De trap werd ongeveer 300 jaar voor Christus uitgevonden. Puur toeval. Iets met een weddenschap, veel drank en een hele bijzondere mooie maar agressieve vrouw. Het was net nadat het wiel was uitgevonden. Het was ook wel wat om die wielemans wat te klooien naar het schijnt.
Kastelen hadden de eerste trappen. Met heel veel bochten erin. En de bochten draaiden altijd naar links. Van bovenaf gezien. Dat had een reden. Diegene die de trap bouwde was ook de eigenaar van het kasteel.

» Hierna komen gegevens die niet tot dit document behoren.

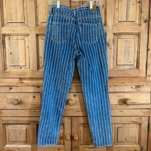 Features: Very cute pair of denim jeans. Vertical striped. Button and zipper closure. Pockets at the front and back. Mom jeans.
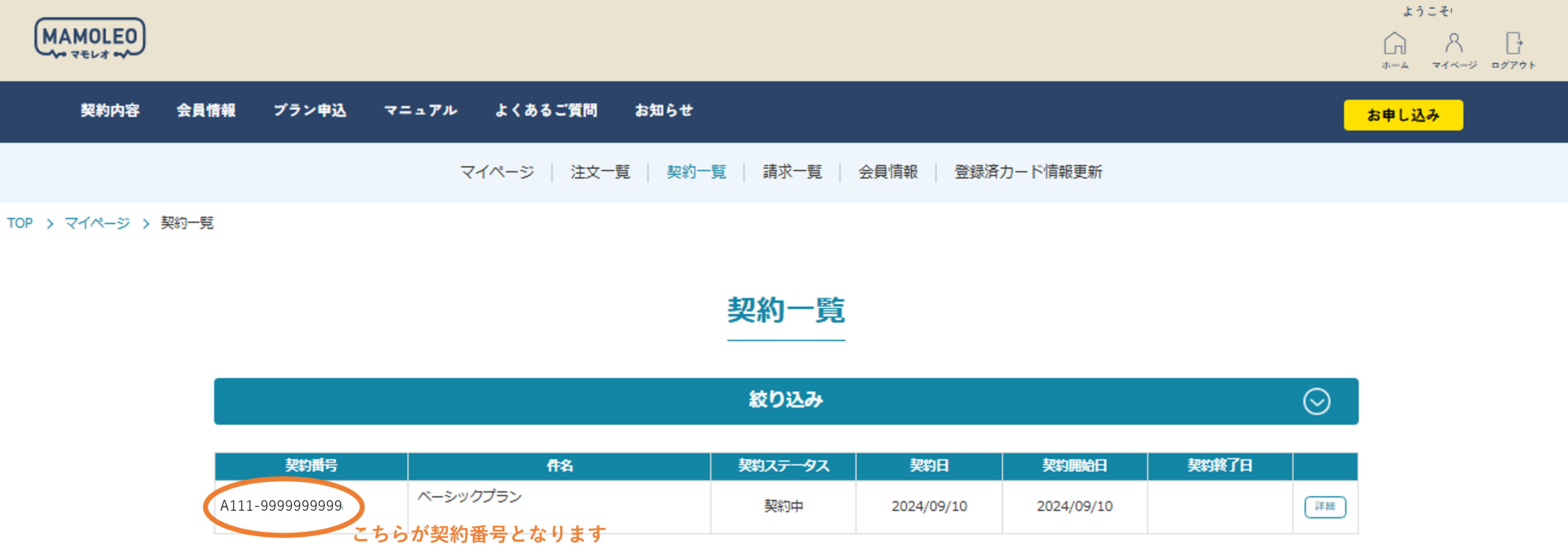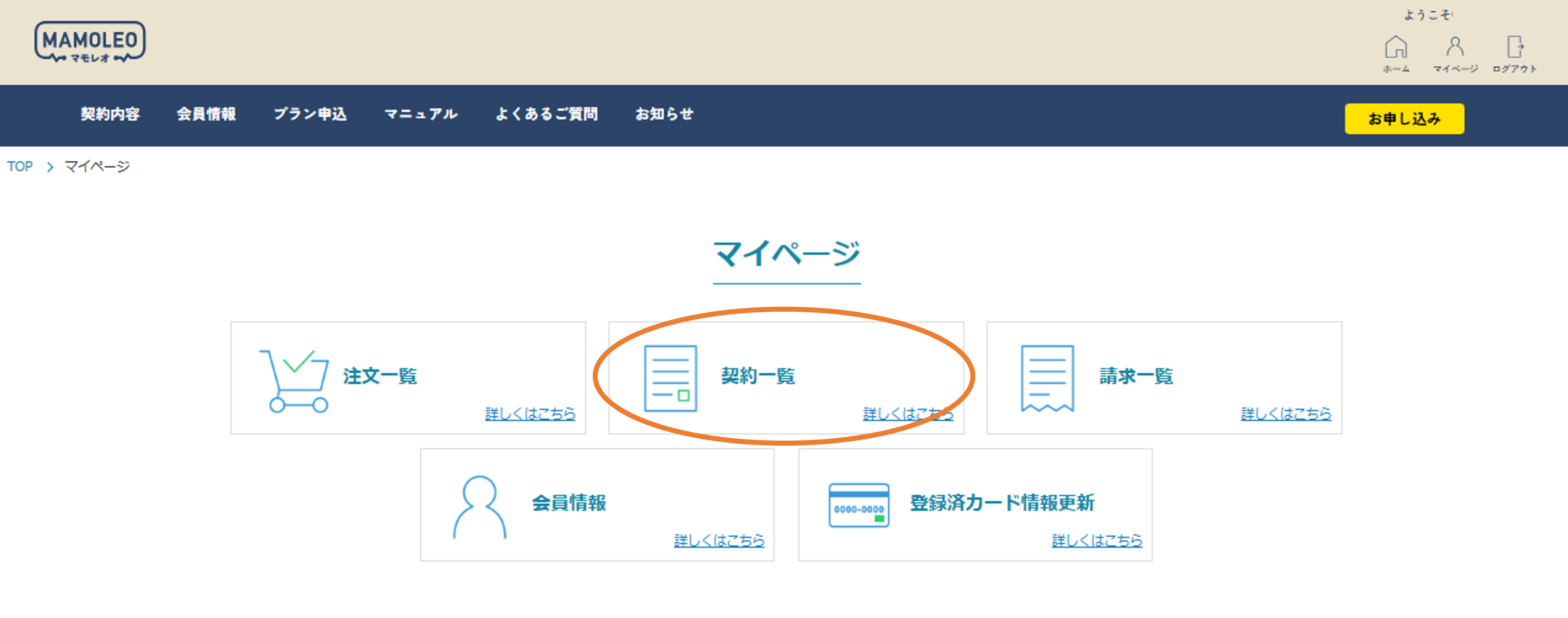 契約番号の確認方法について知りたい ご利用方法 1.MAMOLEOストアマイページへログイン2.マイページ「契約一覧」アイコンをタップ ※上記1以外の方法でログインすると「マイページメニュー」と表示されるため、「契約内容の確認・変更」をタップすると、下記3の画面に遷移いたします 3.契約番号がご確認いただけます

Om zich beter te verdedigen tegen mogelijke aanvallers, indringers, van het kasteel bouwden ze de trap zo dat de trap én kasteeleigenaar, de bewoner, in het voordeel was bij een aanval op de trap. De aanvaller. De indringer kwam altijd van onder naar boven. Allee, de eerste keer toch. De verdediger, de bewoner, stond dus altijd aan de bovenkant. Omdat er in die tijd ook al meer rechtshandige mensen dan linkshandige mensen leefden bouwden ze de bochten in de trap zo dat diegene die bovenstond meer ruimte had om met zijn, of haar, zwaard te gebruiken. Met je links hand kon je dan de leuning of muur als steun gebruiken en met de rechtse kon je dan een flink met het zwaard beuken. De bocht naar links was aan de rechtse kant veel ruimer. De indringer had veel minder ruimte. Linkshandige ridders werden voor veel dukaten verkocht en gekocht op de internationale riddertransferlijst.